About crying in babies
Babies are born with the ability to cry. Crying is their main way of telling you what they need or how they feel. They cry when they’re hungry, tired, uncomfortable, sick or in pain. Sometimes they cry because they need a change of scenery or comfort, or because they need to know you’re there.
But it can sometimes be hard to work out what your crying baby needs. So when your baby cries, start by checking that baby isn’t sick or hurt. If you’re not sure, make an appointment with your GP or call your child and family health nurse.
Crying and fussing: what to expect
Babies cry a lot in their first 3 months. On average, babies cry and fuss for almost 2 hours a day, and around 1 in 10 babies cry for a lot longer than this.
Crying usually reaches a peak at about 6 weeks of age and then gradually lessens to approximately an hour a day by 12 weeks of age.
Colic is when babies cry for no obvious reason and are almost impossible to settle. If you think your baby has colic, it’s a good idea to get a check-up with your GP or paediatrician to rule out medical causes for crying.
How to manage your baby’s crying: tips
The first step is to check whether your baby is hungry, tired or uncomfortable. You might be able to respond to your baby’s crying by:
- feeding baby
- putting baby down for a sleep
- changing baby’s nappy.
Here are other tips for comforting your baby and reassuring them that you’re nearby. Some of these tips are useful for crying at any time of day, and some are most useful for crying at sleep time. You might need to try different things at different times – just experiment to see what suits you and your baby best.
Moving your baby
- Gently rock or carry your baby in a baby carrier or sling. Sometimes movement and closeness to a parent can soothe babies.

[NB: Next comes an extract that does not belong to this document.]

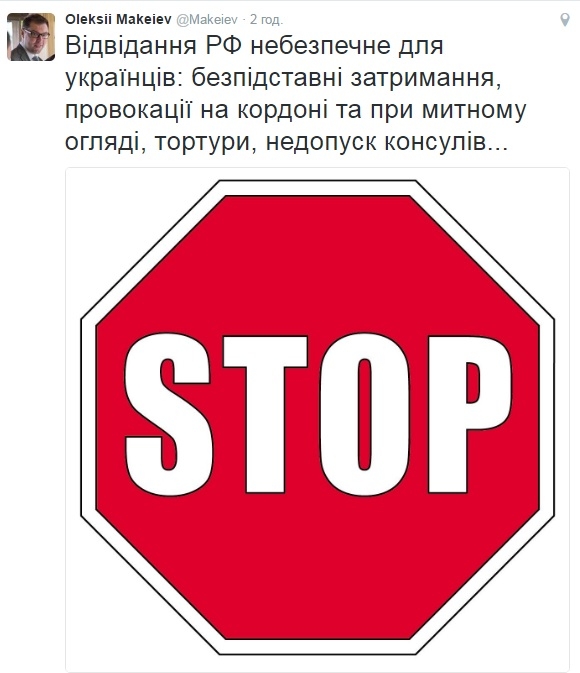 — Посещение РФ опасно для украинцев: безосновательные задержания, провокации на границе и при таможенном досмотре, пытки, недопуск консулов, - написал Алексей Макеев.

- Go for a walk or a drive, as long as you’re not too tired. Being on the move can be calming for you and your baby. Note that leaving your baby to sleep unsupervised in a pram or car seat isn’t recommended.

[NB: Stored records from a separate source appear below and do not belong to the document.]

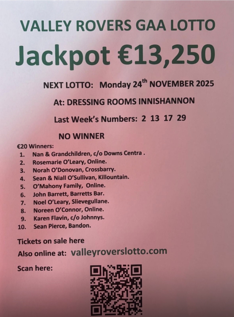 Next draw will take place on Monday, November 24th when the jackpot will be an amazing €13,250!  Many thanks for supporting Valley Rovers GAA by playing the lotto weekly on: https:/valleyroversgaa.clubzap.com/categories/lotto/products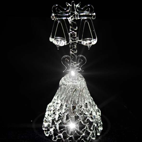 Изготовлен колокольчик вручную из тонких прутиков кварцевого стекла - чистого минерального стекла, которое иначе именуется горным хрусталем, так как имеет абсолютно схожий состав - чистый диоксид кремния.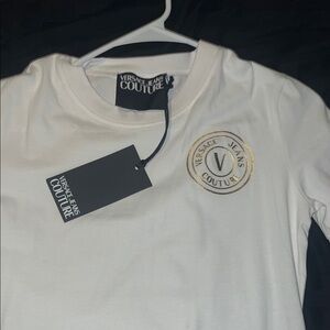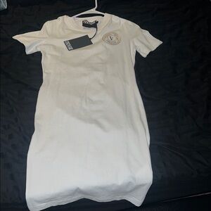 Chic white mini dress by Versace. Features short sleeves and signature logo detail. Perfect for stylish outings.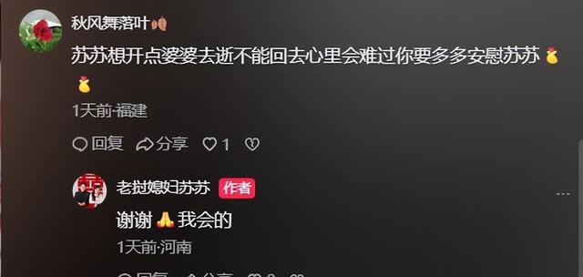 有善良的网友让苏苏想开点,毕竟人死不能复生,也让大哥多多安慰苏苏,大哥则是回复“谢谢,我会的”。

Calming and relaxing your baby
- Give your baby a warm bath.
- Try baby massage. This might help you relax too. It can also strengthen the bond between you and your baby. Your child and family health nurse can teach you how to do baby massage.
Settling and soothing your baby for sleep
- Wrap your baby. This can help your baby feel secure. Don’t wrap your baby if they show signs of rolling onto their tummy (around 4-6 months).
- Try responsive settling techniques like rocking or patting baby in their cot. Gently turn baby onto their back if they fall asleep.
- Offer a dummy or the breast. Sometimes your baby isn’t hungry but wants or needs to suck. If baby is 3-4 months or older, you could also help them find their own fingers or thumb to suck.
- Speak softly to your baby, sing to baby or play soft music. White noise can also soothe some babies. You could try a fan, a vacuum or a radio set to the static between stations.
- Calm things down by dimming the lights, which helps to reduce stimulation.
Managing your own feelings
Try putting in some imaginary earplugs. Let the sound of the crying pass through you, and remind yourself that everything is OK. You’re doing all you can to help your baby.
Babies feel safe and secure when you interact with them in warm, loving and responsive ways. So you can’t spoil babies by picking them up, cuddling them or talking to them. Feed your baby whenever you think they’re hungry, and pick up your baby to offer comfort when they’re crying.
Looking after yourself when your baby is crying
If your baby is crying a lot, it’s very important to look after yourself. Even just 5 minutes reading a book, walking around the block or doing some meditation can give you a break if you’re feeling stressed, anxious or angry. Or sometimes it might help to have another person take over for a while. If you can, ask your partner or a friend or relative to help out.
Seeking support is an important part of looking after yourself. It’s good for you, and it’s good for your family. If you need support, you can phone your GP or child and family health nurse. They might do phone consultations. You could also call Lifeline on 131 114 or Beyond Blue on 1300 224 636.
You should also see your GP or nurse if you or your partner experiences the signs of postnatal depression in birthing mothers or postnatal depression in non-birthing parents. Symptoms of postnatal depression include feeling sad and crying for no obvious reason, feeling irritable, having difficulty coping and feeling very anxious.
Never shake a baby. It can cause bleeding inside the brain and likely permanent brain damage. If you feel like you can’t cope, put your baby in a safe place like a cot. Try going to another room to breathe deeply or calling your state or territory parenting helpline.